Material for this exercise Start Marker

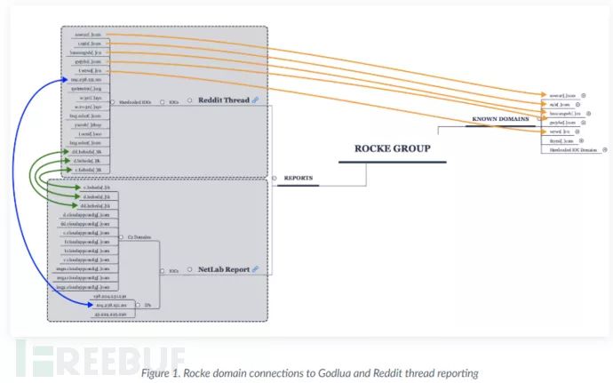 正如Godlua分析报告中所见,IP地址104.238.151 .101和URL d.heheda.tk,c.heheda.tk和dd.heheda.tk为硬编码。 发布到Reddit的与Rocke组织有关的恶意软件中也发现C2连接被发送到三个heheda. tk域,这些域已解析为IP地址104.238.151.101。 另外,样本包含已知的Rocke域sowcar[.]com, z9ls[.]com, baocangwh[.]cn, gwjyhs[.]com,和 w2wz[.]cn.的硬编码值。有关如何将已知的Rocke域与从Godlua和Reddit IoC报告中提取请参见图1。
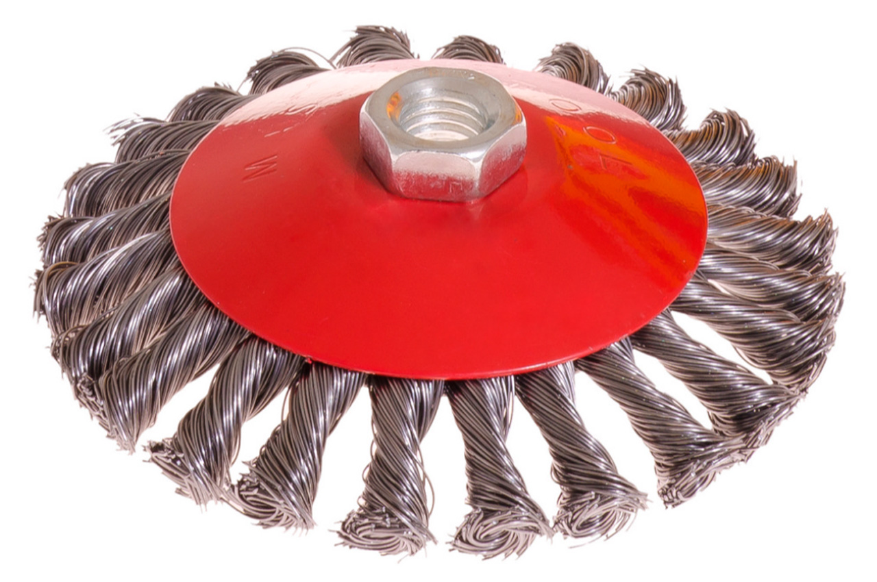 Щітка конусна з плетеними дротом для УШМ. Призначена для робіт по дереву, бетону, металу і лакофарбовим покриттям. Діаметр 125 мм. Товщина дроту 0,5 мм. Швидкість обертання: 6500 об/хв.
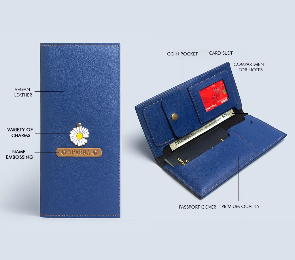 Intelligently Compartmentalized The Travel Wallet is thoughtfully compartmentalized to store all your important documents and currency in a handy and easily accessible format with inside pockets for 1 passport, airline ticket/boarding pass, cards, cash & coins.
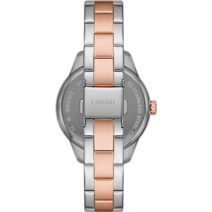 ساعة فوسيل كوارتز للنساء بسوار من الستانلس ستيل بلون ذهبي وردي وفضي وميناء فضي - BQ3761
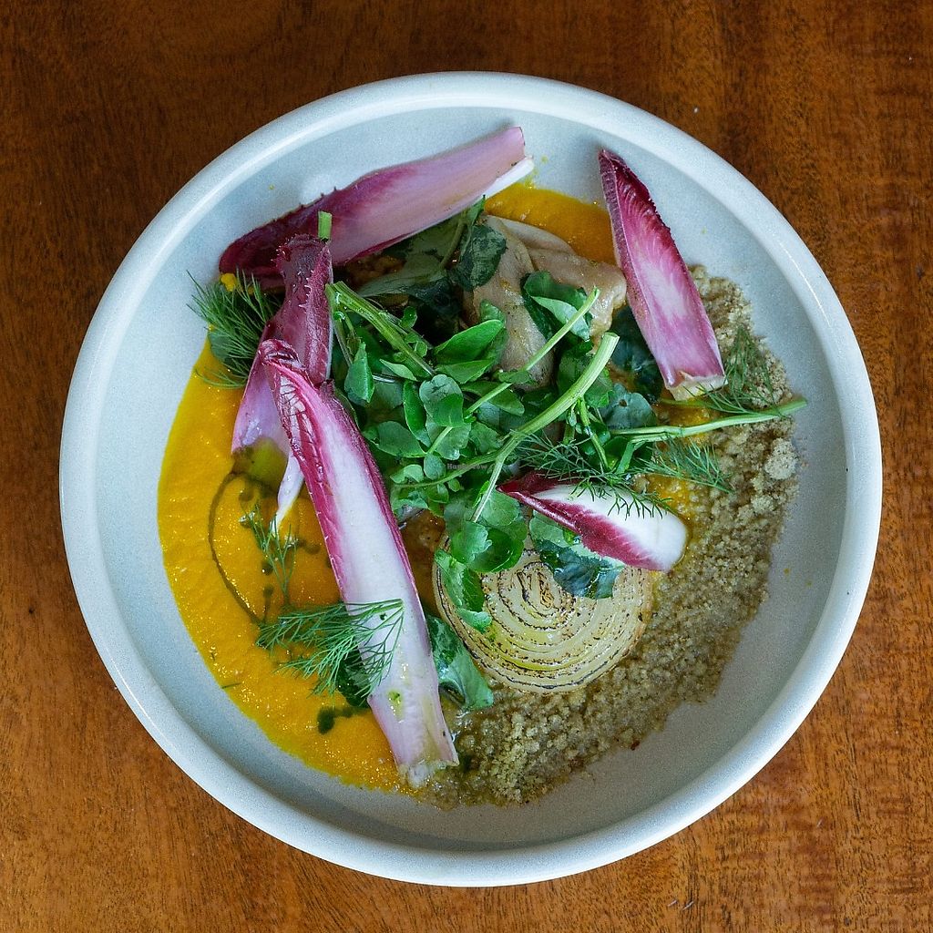 Italian with a twist: beet polenta with roasted veg, root celery puree…
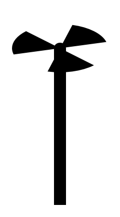 シルエット錯視のファンのために作成した奥行き反転図形。こちら向きのファンが反時計回りに回転して見える見え方と、向こう向きのファンが正面から見たら時計回りに回転しているように見える見え方が反転する。ジンステーデンの風車小屋のパクリであるが、わずかに方向違いである。
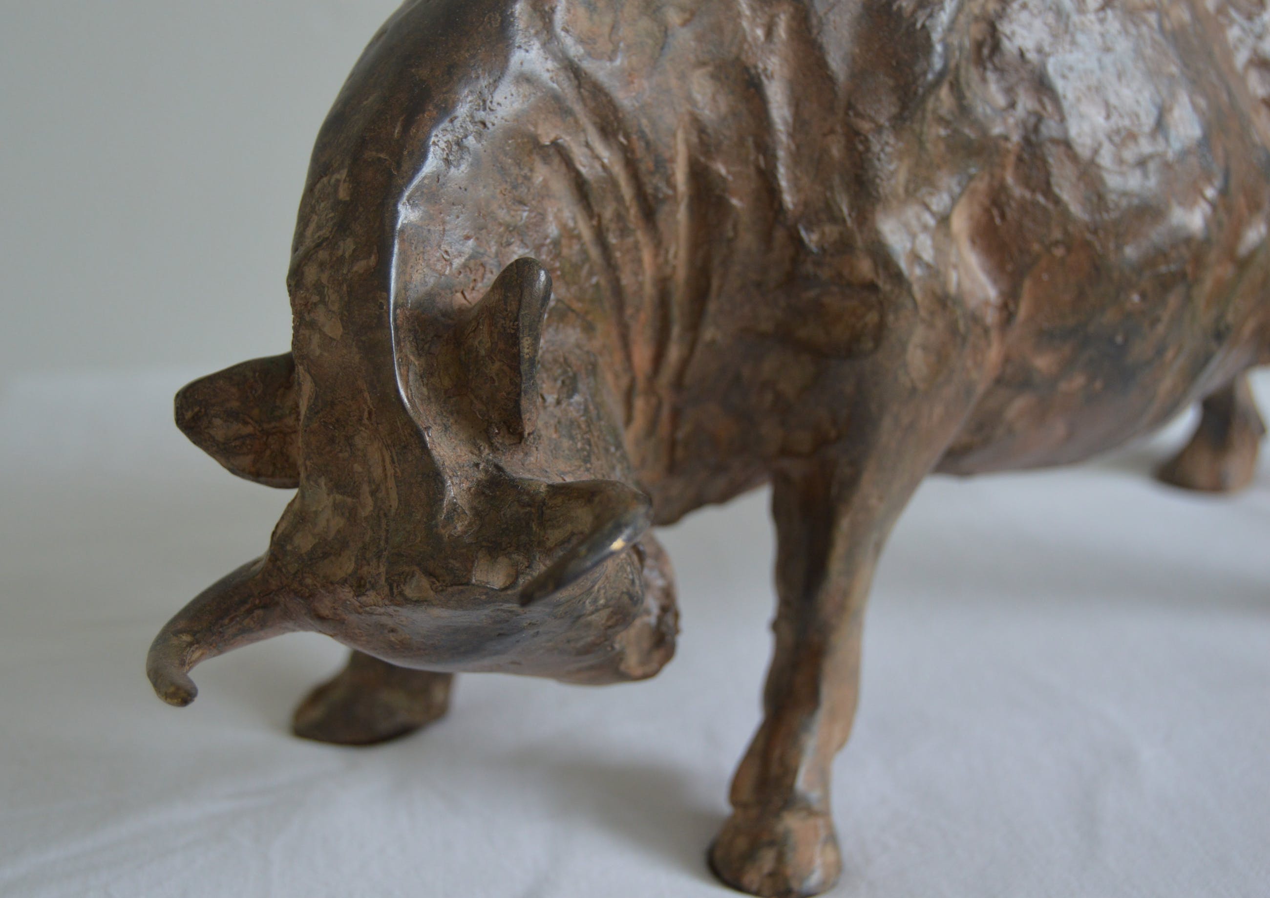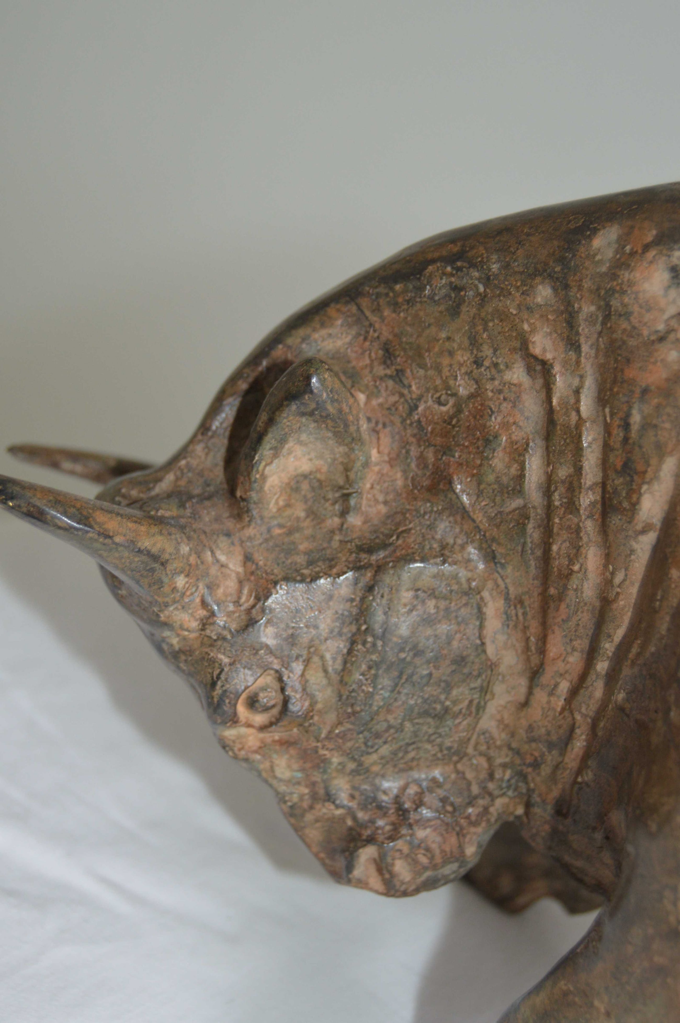 Prachtige aanvallende stier vervaardigd in volledig massief brons door de bekende Franse beeldende kunstenaar Pierre Chenet. Zeer gedetailleerd. Tevens gesigneerd door de kunstenaar. Het beeld is gemaakt in de 20e eeuw, jaren ' 80. In uitstekende staat. Het zal verzekerd en aangetekend verzonden worden.
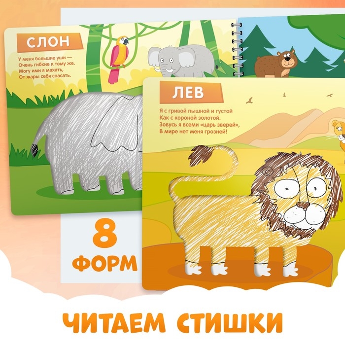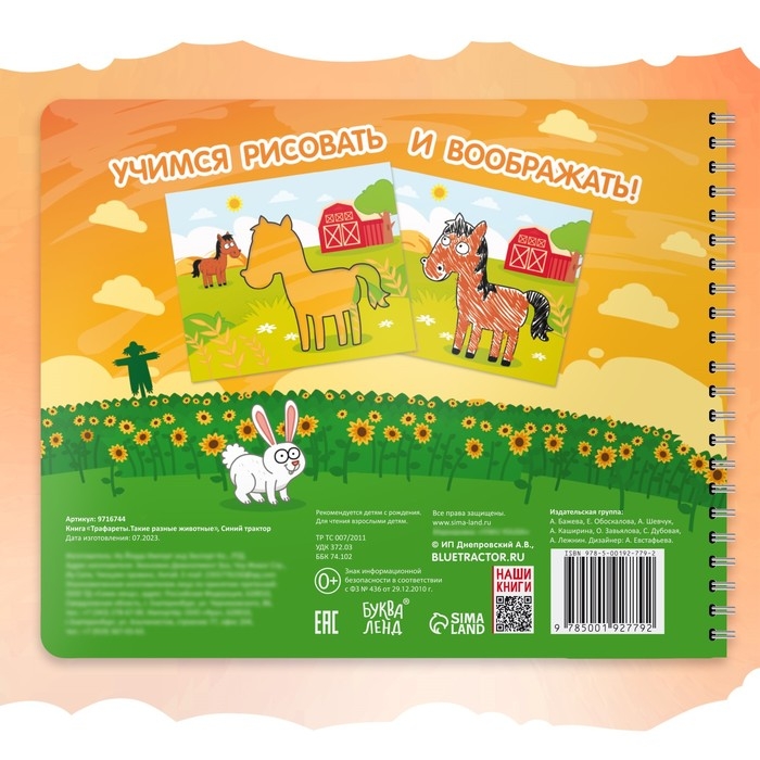 Книга «Трафареты. Такие разные животные», Синий трактор, рисование, трафарет в листе книжки — 8 шт., 3+
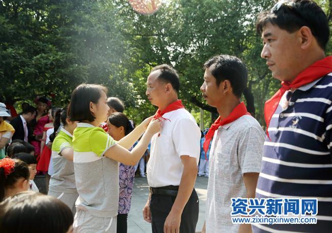 少先队员为“身边的好人”系上红领巾(谭卉 摄)
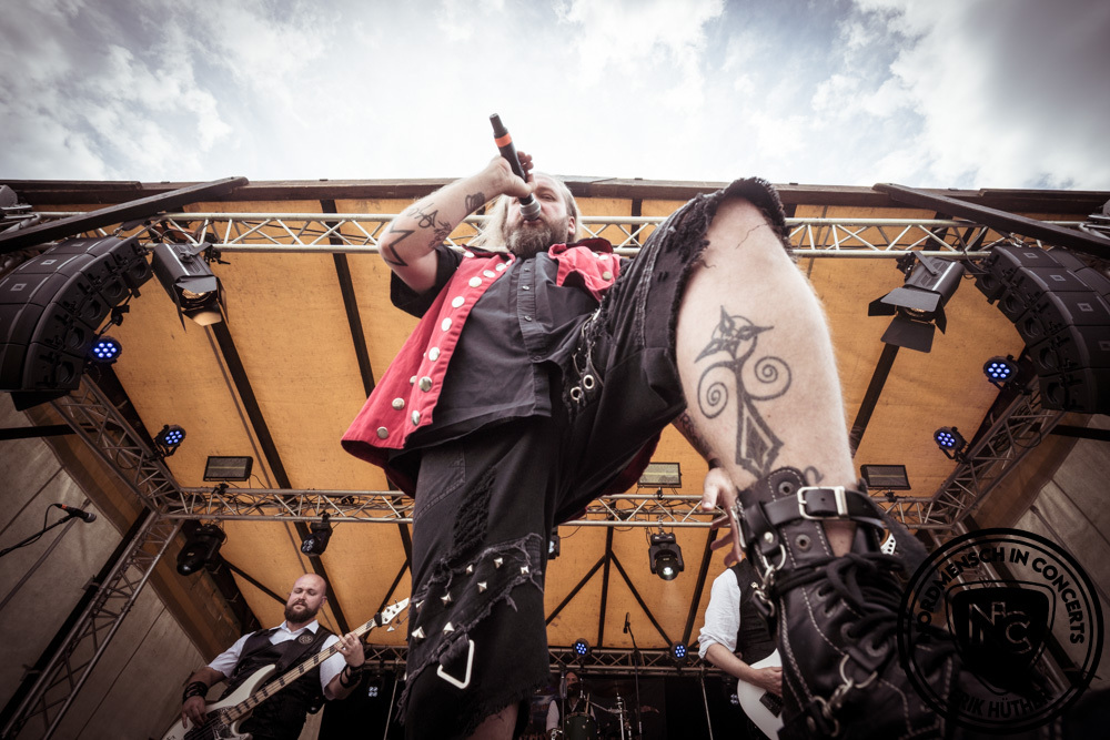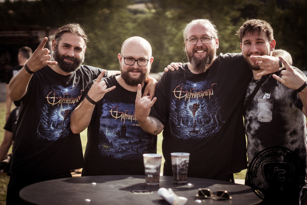 Großes Rätselraten im Vorfeld über die musikalische Ausrichtung der nächsten Band: Machen Gefrierbrand Punk, Neue Deutsche Härte oder doch was ganz anderes? Während ich mein Geld auf „Rammstein für Arme“ gesetzt hätte, gewonnen hätte keiner: Positiv überraschend fabrizierten die Mannen aus dem Schwarzwald ein ziemlich ordentliches Black Metal-Brett ab, das ich irgendwo zwischen Finntroll, frühen Dimmu Borgir und Immortal verorten würde. Thematisch geht es im weiteren Sinne um Märchen, was auch die Aufmachung mit altertümlichen Westen, Hosenträgern und Hemden erklären dürfte.

Material for this exercise End Marker

_What to work on_
Reproduce the listing word for word, but keep the pictures out of it.

_Answer space_
 正如Godlua分析报告中所见,IP地址104.238.151 .101和URL d.heheda.tk,c.heheda.tk和dd.heheda.tk为硬编码。 发布到Reddit的与Rocke组织有关的恶意软件中也发现C2连接被发送到三个heheda. tk域,这些域已解析为IP地址104.238.151.101。 另外,样本包含已知的Rocke域sowcar[.]com, z9ls[.]com, baocangwh[.]cn, gwjyhs[.]com,和 w2wz[.]cn.的硬编码值。有关如何将已知的Rocke域与从Godlua和Reddit IoC报告中提取请参见图1。
 Щітка конусна з плетеними дротом для УШМ. Призначена для робіт по дереву, бетону, металу і лакофарбовим покриттям. Діаметр 125 мм. Товщина дроту 0,5 мм. Швидкість обертання: 6500 об/хв.
 Intelligently Compartmentalized The Travel Wallet is thoughtfully compartmentalized to store all your important documents and currency in a handy and easily accessible format with inside pockets for 1 passport, airline ticket/boarding pass, cards, cash & coins.
 ساعة فوسيل كوارتز للنساء بسوار من الستانلس ستيل بلون ذهبي وردي وفضي وميناء فضي - BQ3761
 Italian with a twist: beet polenta with roasted veg, root celery puree…
 シルエット錯視のファンのために作成した奥行き反転図形。こちら向きのファンが反時計回りに回転して見える見え方と、向こう向きのファンが正面から見たら時計回りに回転しているように見える見え方が反転する。ジンステーデンの風車小屋のパクリであるが、わずかに方向違いである。
 Prachtige aanvallende stier vervaardigd in volledig massief brons door de bekende Franse beeldende kunstenaar Pierre Chenet. Zeer gedetailleerd. Tevens gesigneerd door de kunstenaar. Het beeld is gemaakt in de 20e eeuw, jaren ' 80. In uitstekende staat. Het zal verzekerd en aangetekend verzonden worden.
 Книга «Трафареты. Такие разные животные», Синий трактор, рисование, трафарет в листе книжки — 8 шт., 3+
 少先队员为“身边的好人”系上红领巾(谭卉 摄)
 Großes Rätselraten im Vorfeld über die musikalische Ausrichtung der nächsten Band: Machen Gefrierbrand Punk, Neue Deutsche Härte oder doch was ganz anderes? Während ich mein Geld auf „Rammstein für Arme“ gesetzt hätte, gewonnen hätte keiner: Positiv überraschend fabrizierten die Mannen aus dem Schwarzwald ein ziemlich ordentliches Black Metal-Brett ab, das ich irgendwo zwischen Finntroll, frühen Dimmu Borgir und Immortal verorten würde. Thematisch geht es im weiteren Sinne um Märchen, was auch die Aufmachung mit altertümlichen Westen, Hosenträgern und Hemden erklären dürfte.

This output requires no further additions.